So what do we see when we look at the righthand chart? What kind of cosine similarity would we expect to find between danger and peril? A high or low similarity? How about between danger and horses? Horses and goats?

A few interesting things to note: all of the words are contributing information to each of the vectors, even when the actual association observed is low (I'll come back to this in a minute) and in fact the chart goes way off the edge of the screen to the right: there could in principle be hundreds of words contributing to the distinctive vector that is danger

The previous example shows a vector defined by three dimensions: three different numbers representing three different axes of meaning. However, when we're working with word embedding models, we are working with vectors that are defined by many more dimensions. So in order to understand what that all means, we need to get a little more comfortable with two ideas: a vector is just an assemblage of dimensions each dimension represents an association that has been observed

So let's take the first example shown here (the idea may look familiar if you read the Jay Allamar Illustrated Introduction to Word Embeddings): The chart shows three people (Jo, Lee, Robin) and for each person it shows an assemblage of dimensions each dimension represents an association in this case, that association has to do with the person's affinity for specific animals: perhaps through observations of how many pets of each type they have, or their response when they encounter the animal in the wild So each person in the chart is represented by a vector with five dimensions: a line in five-dimensional space if we want to compare two people and find out whether they tend to like the same animals, impressionistically we can say that people with high or low affinity for the same animals are similar The chart is color coded to highlight this pattern. But if we want a quantitative way to talk about that similarity, we can use the measure called cosine similarity, which is a way of measuring the angle between two lines. Here, we're doing exactly the same thing, except that our lines are defined by five dimensions instead of three. the calculation isn't hard, you can even find an Excel version on the web, and what it shows us is that the cosine similarity between our two mammal-lovers is very high, whereas the similarity between the mammal-lovers and the person who prefers birds/lizards/beetles is quite low.

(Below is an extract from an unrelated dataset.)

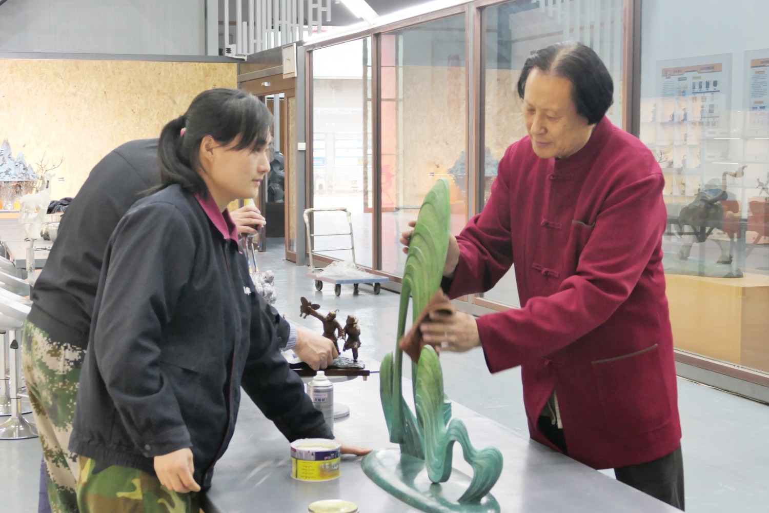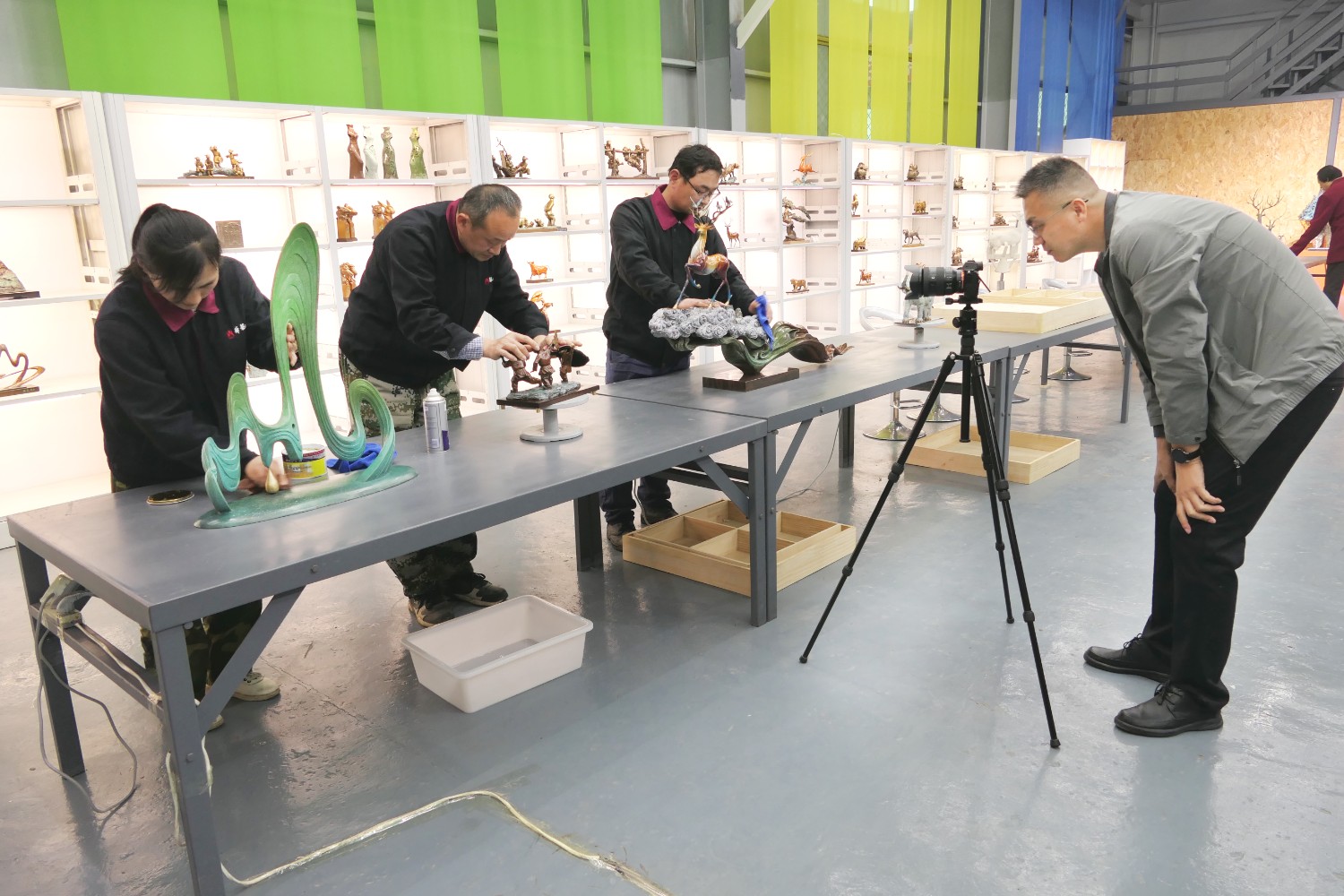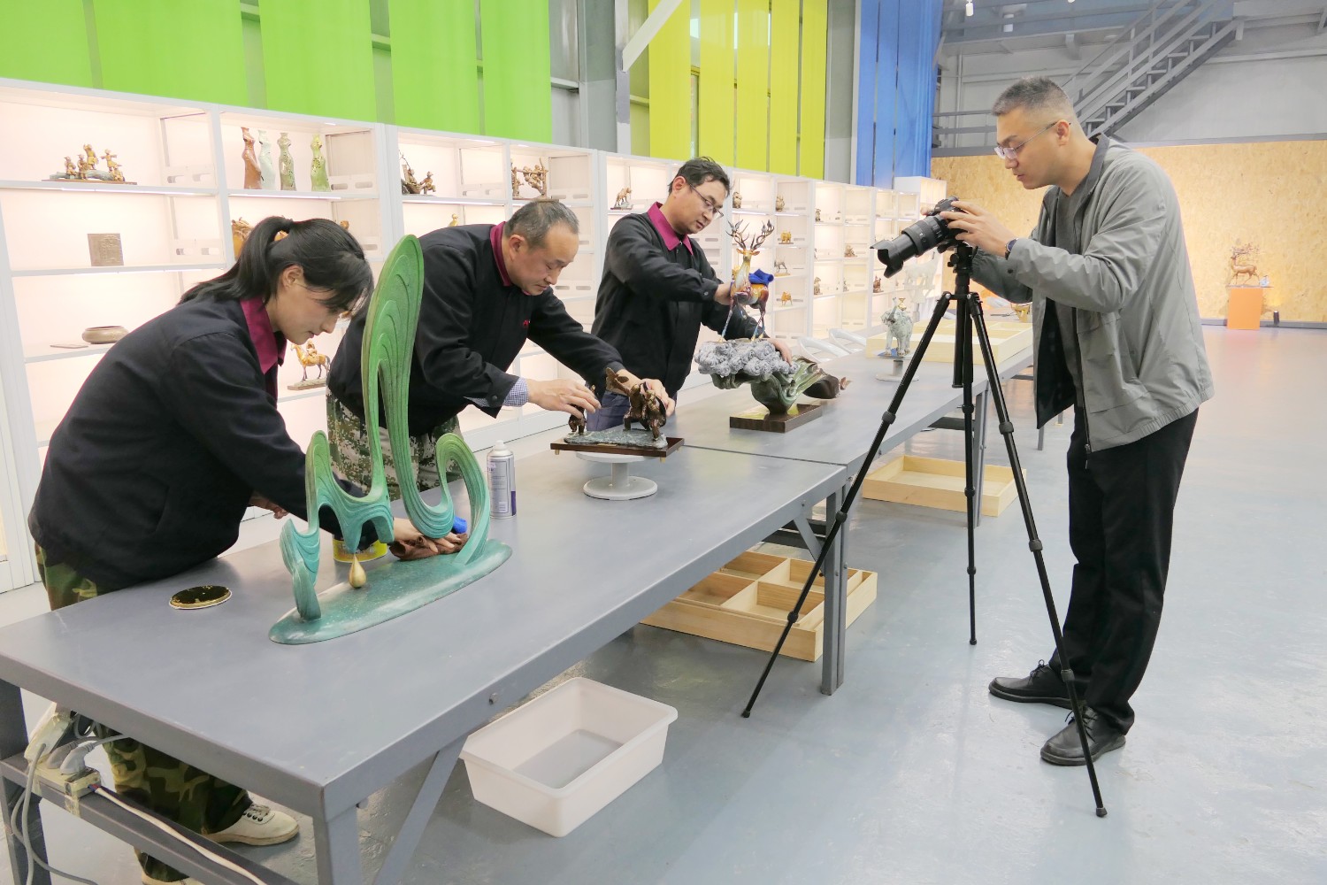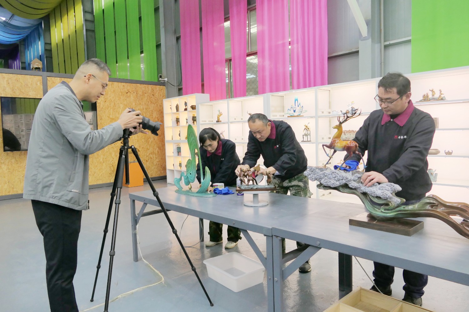 2023年4月4日,臨朐縣電視臺(tái)記者蘇凱來(lái)華藝拍攝選送“第40屆濰坊國(guó)際風(fēng)箏會(huì)”展出的四件青銅作品《一路祥瑞》《放飛》《山青水韻》《太平吉象》,傅紹相參加采訪視頻。

So, taking this a step farther, look at the chart on the right side: Here, instead of looking at people and their association with animals, we're looking at words and their association with other words those other words have been observed in proximity (in the window) with our target word, to a greater or lesser extent we're not giving numbers here, but imagine that the green boxes are the ones that were observed more often, and the orange boxes are the words that were observed less often, and maybe the greenish-yellow boxes were somewhere in the middle

Negative Sampling

So let's now add another concept. Cast our minds back to the little bookworm eating through the corpus, making observations about the words that are near the target word, and adjusting the position of the words within the model. The information about those words that it observes is being fed into our little chart here. But how about the words that aren't being observed?

We mentioned earlier that these are also significant. When the bookworm takes a bite, there are a huge number of words that are not in that sample, and the model training process could (in principle) use that information to adjust all of the words in the corpus, moving them away from the target word. In practice, it doesn't adjust all of the words (since that would be too much work) but it adjusts some of the words: a random sample. This is called negative sampling, and it is one of the parameters we can adjust: we can say how many of these non-appearing words should have their positions updated with each observation. If we have a large negative sampling value, the model training will be more precise, but the training process will take a lot longer.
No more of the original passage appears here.